Policies and Procedures developed as a result of the Threat Assessment Team's recommendations:
TRAINING AND EDUCATION
Training for all employees, including managers and supervisors, was
given on [Date]. This training will be repeated every two years.
Training included:
- a review and definition of workplace violence;
- a full explanation and full description of our program (all
employees were given a copy of this program at orientation);
- instructions on how to report all incidents including threats and
verbal abuse;
- methods of recognizing and responding to workplace security
hazards;
- training on how to identify potential workplace security hazards (such as no lights in parking lot while leaving late at night, unknown person loitering outside the building, etc.)
- review of measures that have been instituted in this organization to prevent workplace violence including:
- use of security equipment and procedures;
- how to attempt to diffuse hostile or threatening situations;
- how to summon assistance in case of an emergency or hostage
situation;
- post-incident procedures, including medical follow-up and
the availability of counseling and referral.
Additional specialized training was given to:
- Name, Department, Job Title
- Name, Department, Job Title
- Name, Department, Job Title
This training was conducted by _______________________________ on
[Date] and will be repeated every two years.

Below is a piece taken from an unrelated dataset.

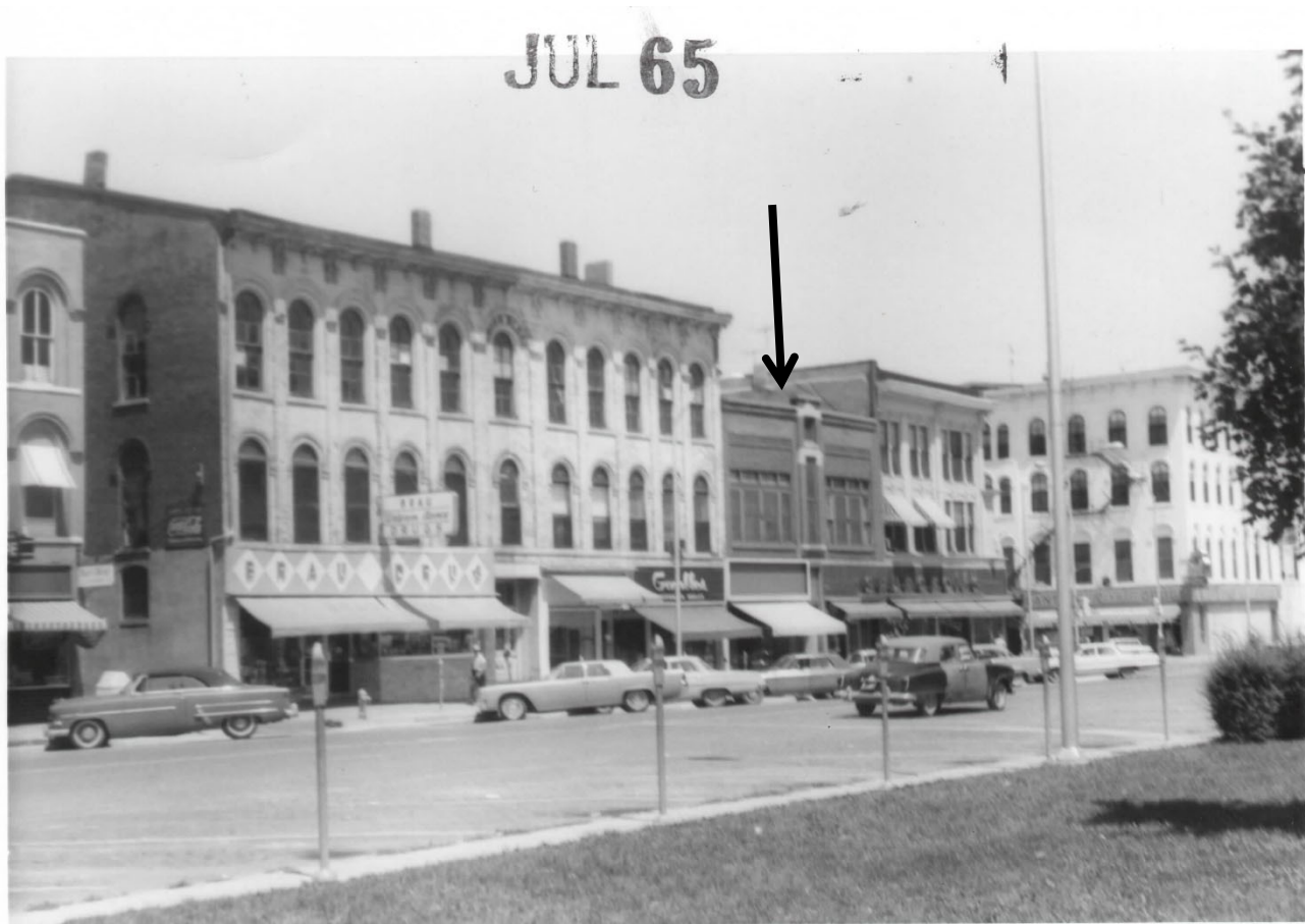
East half of north side of square in July 1965

Trainers will be qualified and knowledgeable. Our trainers are
professionals [list type of certification]. At the end of each
training session, employees will be asked to evaluate the session and make
suggestions on how to improve the training.
All training records will be filed with _____________________.

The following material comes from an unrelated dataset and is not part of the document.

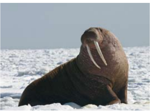
Offshore: walrus and other marine wildlife at risk

The ever-changing Arctic had a busy year in 2012, and still faces ever more challenges to come. Summer of 2012 saw the smallest amount of sea ice ever. Also during summer of 2012, Shell Oil brought two drill rigs into the Arctic Ocean; other shipping traffic increased as well, taking advantage of ice free waters. While the coastal seas were seeing so much potentially damaging activity, hope increased that onshore the public lands in the Arctic – both the Arctic National Wildlife Refuge and the Western Arctic (NPR-A) -- might see the most protections in decades. Let's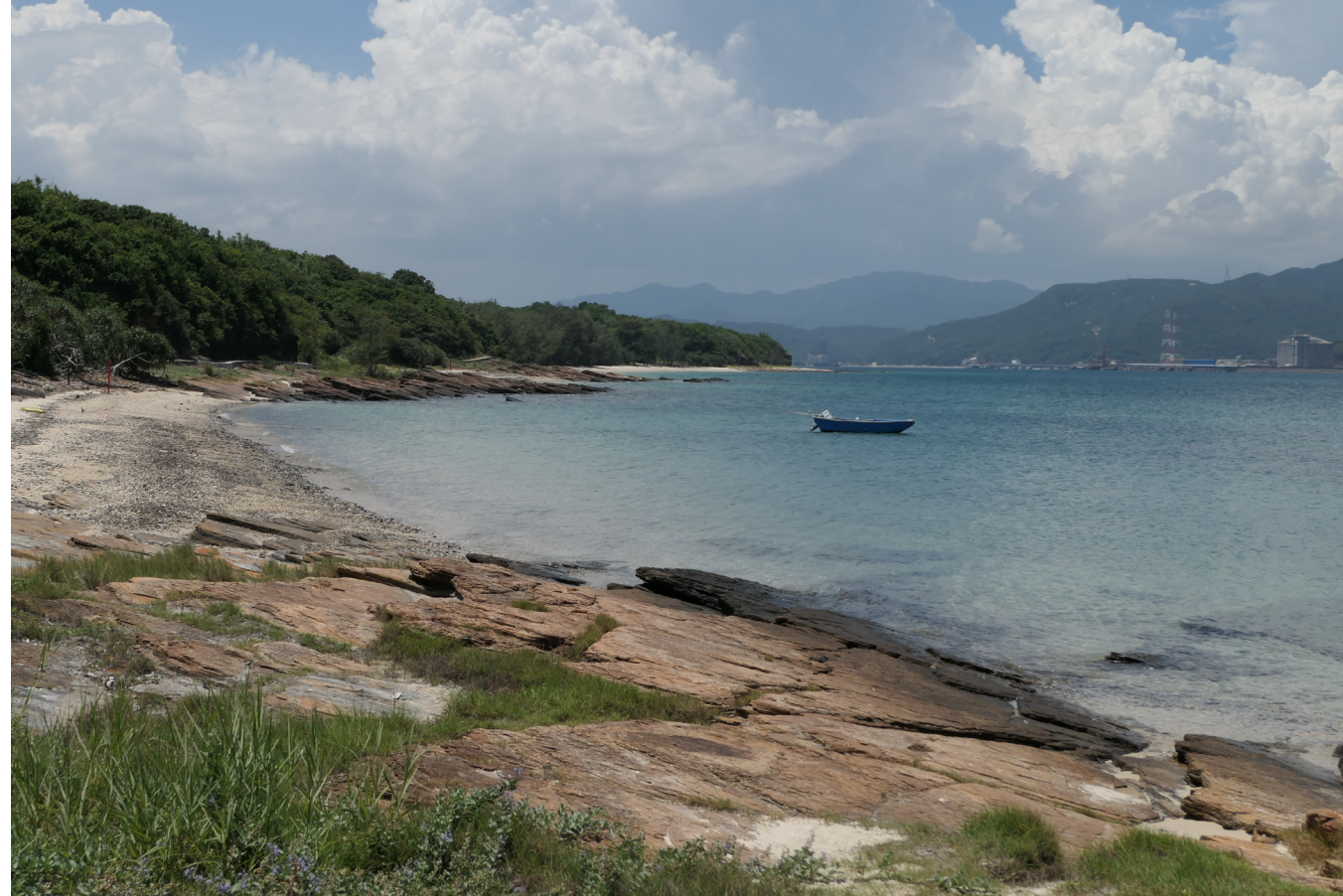
VPB1 - VISUAL CONTEXT OF VSR2 (RESIDENTS AT TAI TONG VILLAGE) TOWARDS NORTH DIRECTION

Workplace Violence Prevention training will be given to new employees
as part of their orientation.
A general review of this program will be conducted every two years.

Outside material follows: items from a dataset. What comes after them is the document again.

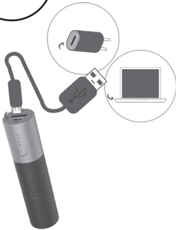
Charging your PowerBank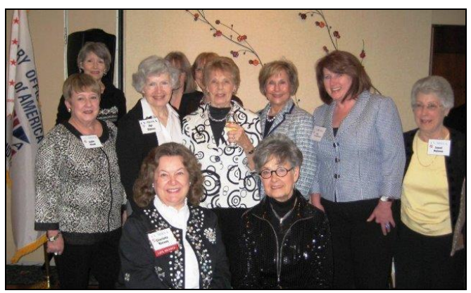
These ladies must have gotten the memo about wearing black and white to the dinner. First, the CCGs (Camel Club Guys), now, the BWLs (Black and White Ladies)!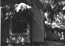
View looking N showing sections C,B,D neg file #6-8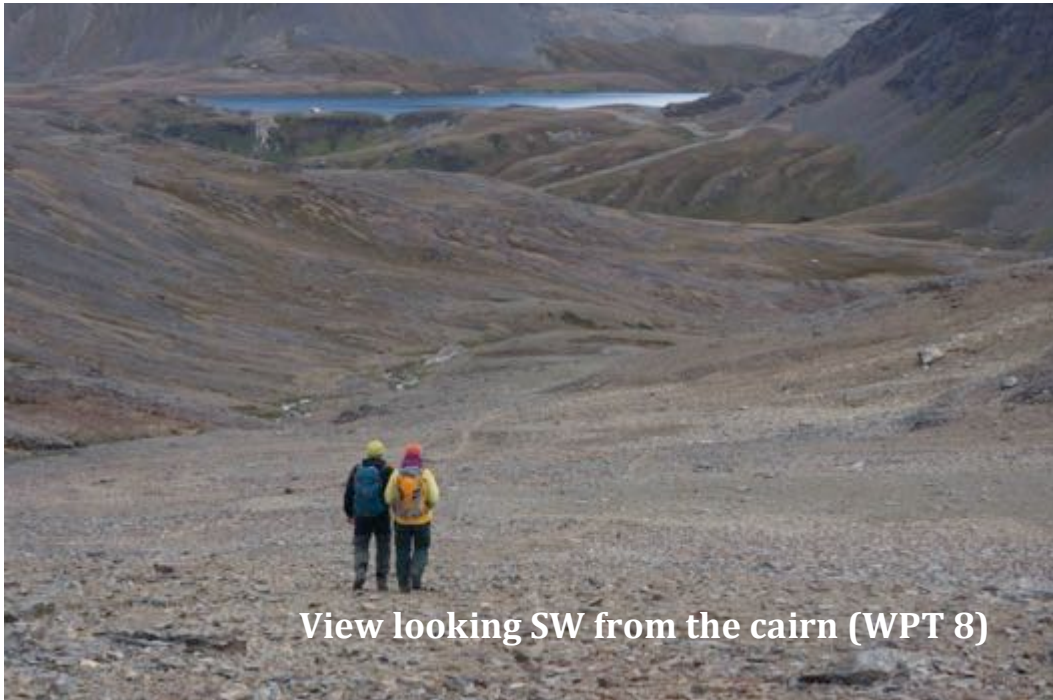
View looking SW from the cairn (WPT 8)

From the cairn, in good visibility the waters of Gull Lake can be seen to the south. Gull Lake lies above Grytviken. The path is not immediately obvious. Follow the valley leading SW, keeping to the west side of the stream.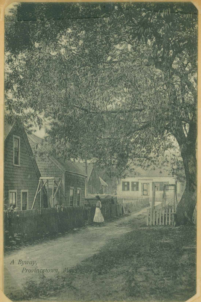
A Byway, Provincetown, Mass.

Our training program will be updated to reflect changes in our Workplace
Prevention Program.
INCIDENT REPORTING AND INVESTIGATION
All incidents must be reported within [Time]. An "Incident
Report Form" will be completed for all incidents. One copy will be
forwarded to the Threat Assessment Team for their review and a copy will
be filed with [Job Title].
Each incident will be evaluated by the Threat Assessment Team. The
team will discuss the causes of the incident and will make recommendations
on how to revise the program to prevent similar incidents from occurring.
All revisions of the Program will be put into writing and made available
to all employees.
RECORDKEEPING
We will maintain an accurate record of all workplace violence
incidents. All incident report forms will be kept for a minimum of
[Time], or for the time specified in the Statute of Limitations for
our local jurisdiction.
Any injury which requires more than first aid, is a lost-time injury,
requires modified duty, or causes loss of consciousness, will be recorded
on the OSHA 200 log. Doctors' reports and supervisors' reports will be
kept of each recorded incident, if applicable.
Incidents of abuse, verbal attack, or aggressive behavior which may
be threatening to the employee, but not resulting in injury, will be
recorded. These records will be evaluated on a regular basis by the
Threat Assessment Team.
Minutes of the Threat Assessment Team meetings shall be kept for
[Time].
Records of training program contents, and the sign-in sheets of all
attendees, shall be kept for [Time]. Qualifications of the
trainers shall be maintained along with the training records.
COMPLETED WPVP PROGRAM (EXAMPLE)
ABC COMPANIES WPVP PROGRAM POLICY STATEMENT
JANUARY 1, 1996
Our establishment, ABC COMPANY, is concerned and committed to our
employees' safety and health. We refuse to tolerate violence in the
workplace and will make every effort to prevent violent incidents from
occurring by implementing a Workplace Violence Prevention Program (WPVP).
We will provide adequate authority and budgetary resources to responsible
parties so that our goals and responsibilities can be met.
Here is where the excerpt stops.